### GIVEN MATERIAL ###

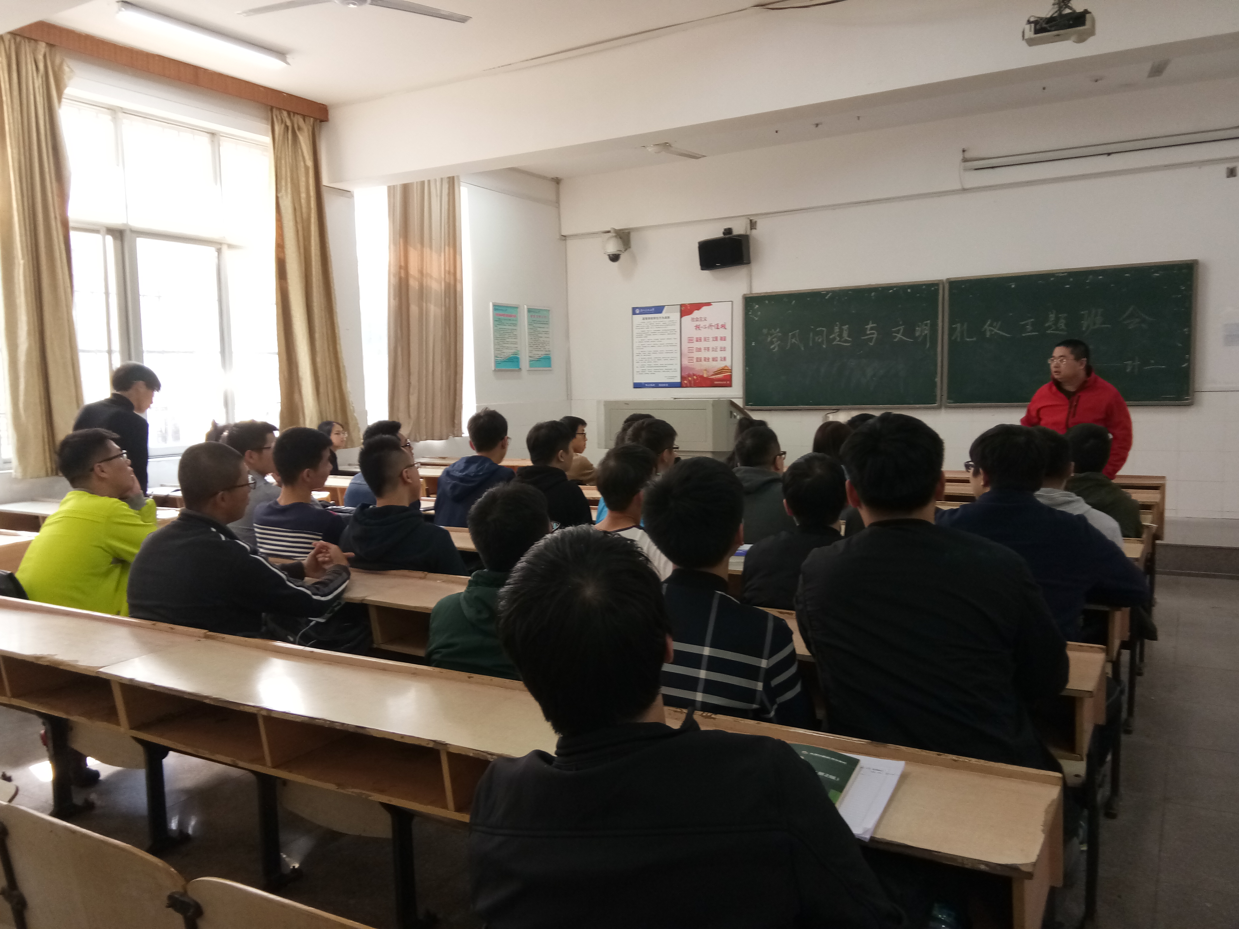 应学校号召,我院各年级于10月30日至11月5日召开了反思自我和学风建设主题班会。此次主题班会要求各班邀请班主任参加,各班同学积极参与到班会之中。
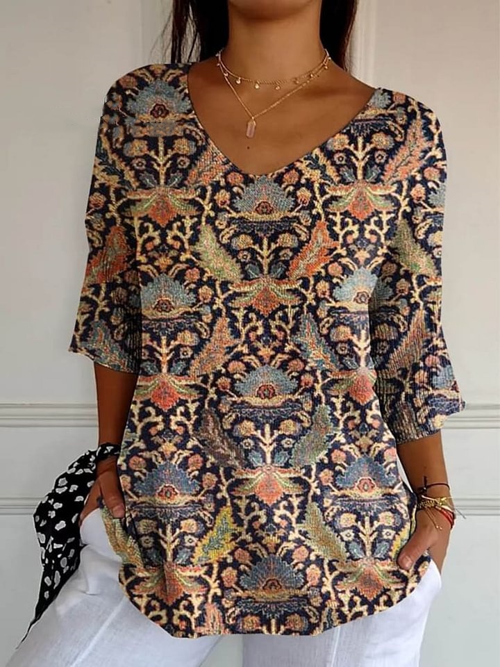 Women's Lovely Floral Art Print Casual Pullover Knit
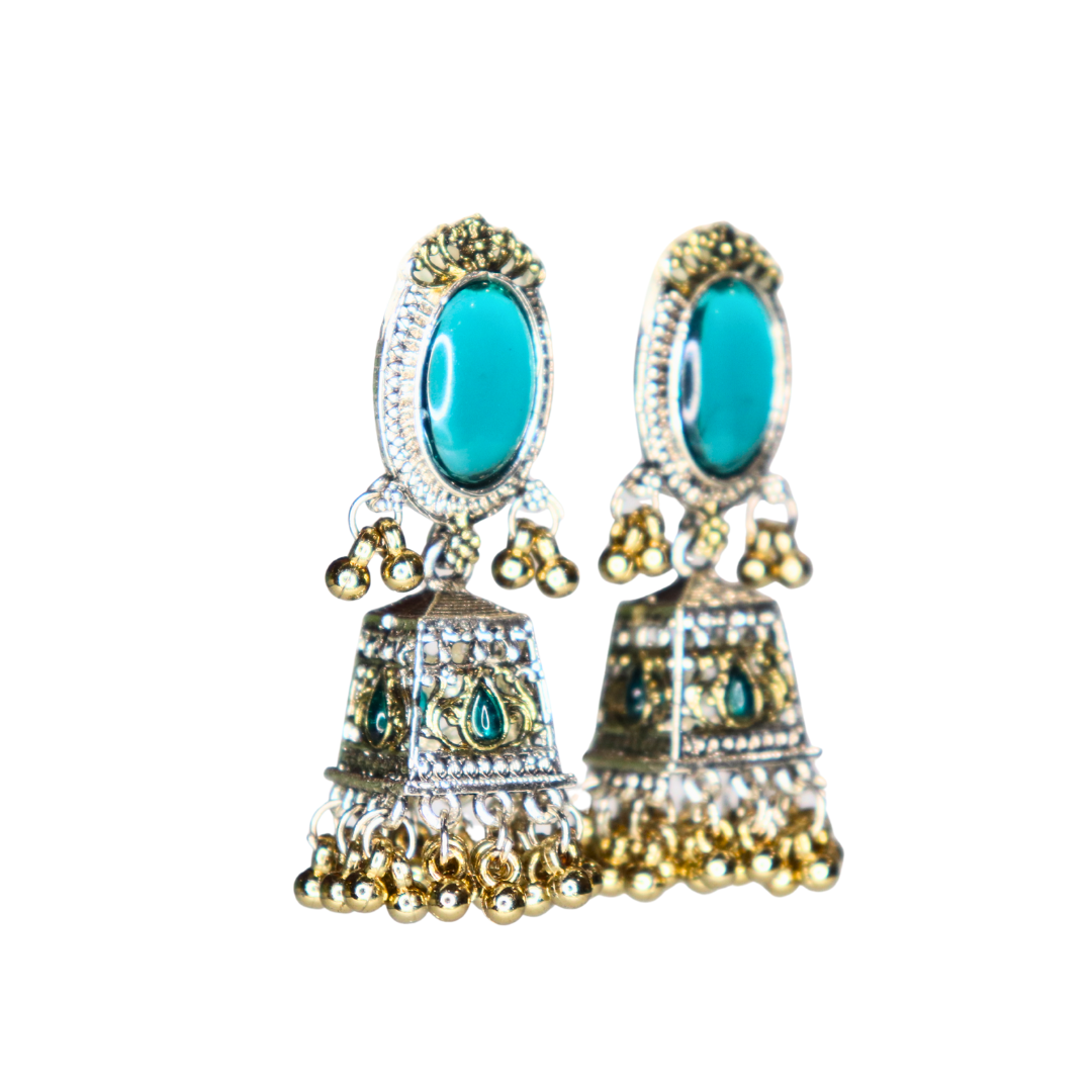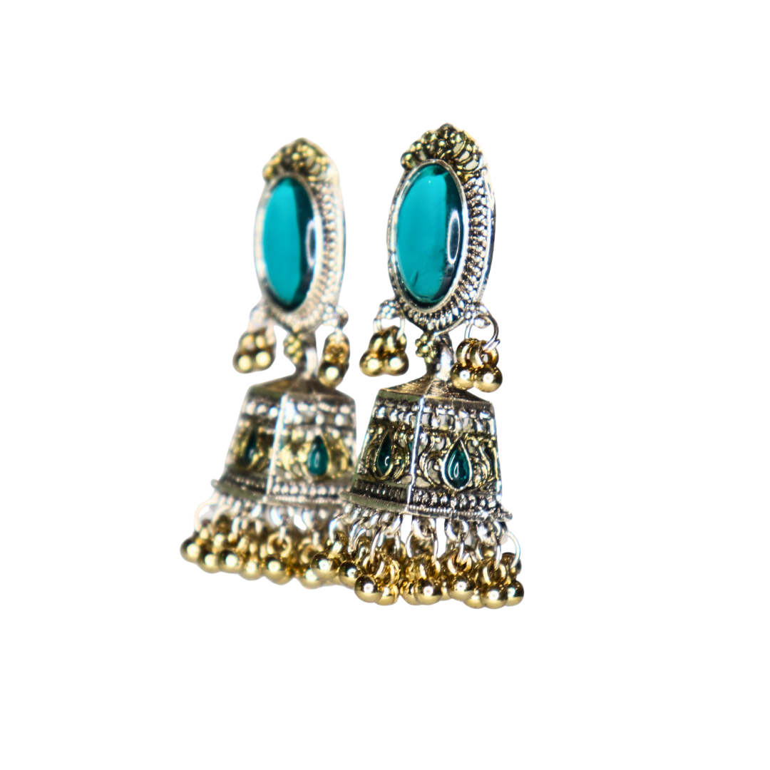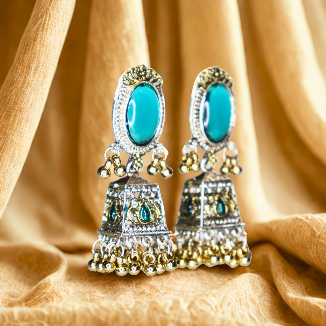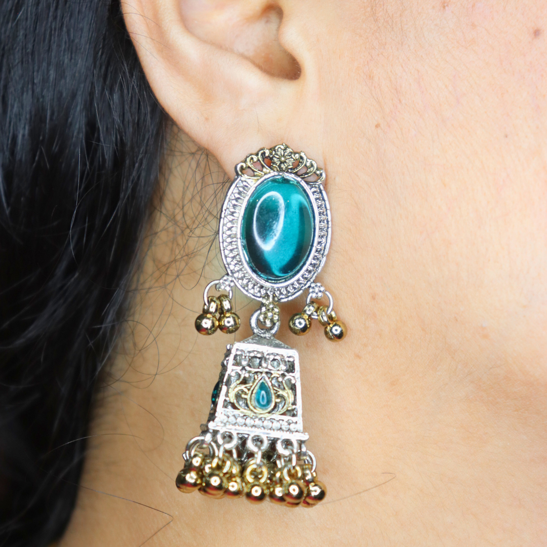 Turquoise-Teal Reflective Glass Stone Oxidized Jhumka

###

● **WORK REQUIRED**
Your copy should start at the line with "Women's Lovely Floral", stop at the last line of the listing above, match exactly, and contain no pictures.

● **ANSWER TO THIS EXERCISE**
 Women's Lovely Floral Art Print Casual Pullover Knit
 Turquoise-Teal Reflective Glass Stone Oxidized Jhumka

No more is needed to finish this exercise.